= Directions =
Transcribe the data below verbatim from the line with "煤矿通风安全管理及通风事故的防范措施分析" to the line with "Massageie suavemente sobre". Include both of those lines.

= Dataset extract =
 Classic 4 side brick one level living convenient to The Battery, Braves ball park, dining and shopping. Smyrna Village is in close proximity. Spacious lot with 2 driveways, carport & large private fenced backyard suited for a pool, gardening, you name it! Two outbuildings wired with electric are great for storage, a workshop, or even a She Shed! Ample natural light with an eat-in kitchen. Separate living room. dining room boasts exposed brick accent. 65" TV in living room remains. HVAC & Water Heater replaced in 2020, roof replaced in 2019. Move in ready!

* * *

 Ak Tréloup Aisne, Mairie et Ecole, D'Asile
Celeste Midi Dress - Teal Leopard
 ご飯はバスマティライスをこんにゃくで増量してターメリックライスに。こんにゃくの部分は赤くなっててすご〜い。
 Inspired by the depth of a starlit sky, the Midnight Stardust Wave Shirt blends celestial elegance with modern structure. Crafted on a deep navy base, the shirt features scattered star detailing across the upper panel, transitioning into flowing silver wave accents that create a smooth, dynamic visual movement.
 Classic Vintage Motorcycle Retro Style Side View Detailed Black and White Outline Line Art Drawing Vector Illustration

--

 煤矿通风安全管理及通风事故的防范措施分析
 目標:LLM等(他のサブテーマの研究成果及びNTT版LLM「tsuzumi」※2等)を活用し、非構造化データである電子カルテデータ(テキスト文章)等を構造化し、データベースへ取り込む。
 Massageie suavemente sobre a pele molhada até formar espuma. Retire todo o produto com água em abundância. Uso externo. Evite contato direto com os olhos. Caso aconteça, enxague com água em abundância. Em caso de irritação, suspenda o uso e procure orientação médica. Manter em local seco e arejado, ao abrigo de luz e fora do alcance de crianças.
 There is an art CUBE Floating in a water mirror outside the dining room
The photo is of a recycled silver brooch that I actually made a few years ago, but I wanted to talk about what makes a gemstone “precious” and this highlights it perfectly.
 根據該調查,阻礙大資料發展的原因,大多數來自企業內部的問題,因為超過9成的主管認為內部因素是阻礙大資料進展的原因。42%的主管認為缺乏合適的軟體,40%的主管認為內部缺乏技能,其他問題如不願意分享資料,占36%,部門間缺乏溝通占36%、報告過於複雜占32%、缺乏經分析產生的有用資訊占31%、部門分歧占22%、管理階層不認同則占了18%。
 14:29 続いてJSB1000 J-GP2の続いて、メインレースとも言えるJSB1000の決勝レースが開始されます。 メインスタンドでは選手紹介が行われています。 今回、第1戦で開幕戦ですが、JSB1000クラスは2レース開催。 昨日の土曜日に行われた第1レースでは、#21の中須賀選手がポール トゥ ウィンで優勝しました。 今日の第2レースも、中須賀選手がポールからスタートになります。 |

= Exercise output =
 煤矿通风安全管理及通风事故的防范措施分析
 目標:LLM等(他のサブテーマの研究成果及びNTT版LLM「tsuzumi」※2等)を活用し、非構造化データである電子カルテデータ(テキスト文章)等を構造化し、データベースへ取り込む。
 Massageie suavemente sobre a pele molhada até formar espuma. Retire todo o produto com água em abundância. Uso externo. Evite contato direto com os olhos. Caso aconteça, enxague com água em abundância. Em caso de irritação, suspenda o uso e procure orientação médica. Manter em local seco e arejado, ao abrigo de luz e fora do alcance de crianças.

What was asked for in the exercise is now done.